[Stored records]
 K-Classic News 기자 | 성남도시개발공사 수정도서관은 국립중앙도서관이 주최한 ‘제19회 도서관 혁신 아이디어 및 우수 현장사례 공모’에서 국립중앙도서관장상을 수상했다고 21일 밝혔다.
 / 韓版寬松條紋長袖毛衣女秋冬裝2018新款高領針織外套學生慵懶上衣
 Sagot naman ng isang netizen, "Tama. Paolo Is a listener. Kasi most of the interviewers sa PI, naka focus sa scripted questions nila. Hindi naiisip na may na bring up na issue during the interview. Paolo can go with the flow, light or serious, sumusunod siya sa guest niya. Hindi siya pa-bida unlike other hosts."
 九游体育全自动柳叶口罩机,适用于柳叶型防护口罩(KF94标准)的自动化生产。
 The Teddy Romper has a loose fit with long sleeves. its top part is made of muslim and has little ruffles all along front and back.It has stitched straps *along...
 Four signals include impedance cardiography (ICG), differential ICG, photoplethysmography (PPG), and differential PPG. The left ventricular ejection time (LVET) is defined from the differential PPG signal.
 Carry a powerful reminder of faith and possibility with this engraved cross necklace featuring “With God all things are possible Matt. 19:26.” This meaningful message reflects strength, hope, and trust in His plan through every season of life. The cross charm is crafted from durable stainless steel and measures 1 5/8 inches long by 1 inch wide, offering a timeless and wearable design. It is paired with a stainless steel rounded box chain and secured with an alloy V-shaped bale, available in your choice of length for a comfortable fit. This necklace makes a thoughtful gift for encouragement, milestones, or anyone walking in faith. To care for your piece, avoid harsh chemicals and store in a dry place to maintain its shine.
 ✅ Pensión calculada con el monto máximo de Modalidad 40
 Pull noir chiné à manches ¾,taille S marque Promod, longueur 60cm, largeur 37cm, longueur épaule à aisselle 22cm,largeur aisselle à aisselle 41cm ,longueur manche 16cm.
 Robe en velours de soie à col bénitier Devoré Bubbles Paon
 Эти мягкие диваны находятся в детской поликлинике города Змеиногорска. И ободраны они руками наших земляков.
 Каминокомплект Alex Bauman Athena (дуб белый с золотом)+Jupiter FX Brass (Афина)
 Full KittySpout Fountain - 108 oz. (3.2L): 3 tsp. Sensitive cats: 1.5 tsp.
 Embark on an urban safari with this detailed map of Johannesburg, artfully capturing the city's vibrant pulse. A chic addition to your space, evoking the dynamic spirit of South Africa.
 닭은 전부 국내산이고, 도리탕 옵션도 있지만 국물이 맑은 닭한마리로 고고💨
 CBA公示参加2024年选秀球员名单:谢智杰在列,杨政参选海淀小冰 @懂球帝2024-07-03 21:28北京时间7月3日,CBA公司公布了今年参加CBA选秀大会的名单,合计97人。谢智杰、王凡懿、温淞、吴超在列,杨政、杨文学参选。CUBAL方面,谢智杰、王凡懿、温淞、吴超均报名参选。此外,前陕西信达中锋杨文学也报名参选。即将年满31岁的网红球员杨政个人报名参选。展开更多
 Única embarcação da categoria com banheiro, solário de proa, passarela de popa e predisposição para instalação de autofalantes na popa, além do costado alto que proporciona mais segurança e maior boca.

→ **WHAT THIS TASK INVOLVES**
Copy only this part of the entries above: the line with "Sagot naman ng", the line with "九游体育全自动柳叶口罩机,适用于柳叶型防护口罩(KF94标准)的自动化生产。", and the lines between, all exactly as written.

→ **SOLUTION FOR THIS PROBLEM**
 Sagot naman ng isang netizen, "Tama. Paolo Is a listener. Kasi most of the interviewers sa PI, naka focus sa scripted questions nila. Hindi naiisip na may na bring up na issue during the interview. Paolo can go with the flow, light or serious, sumusunod siya sa guest niya. Hindi siya pa-bida unlike other hosts."
 九游体育全自动柳叶口罩机,适用于柳叶型防护口罩(KF94标准)的自动化生产。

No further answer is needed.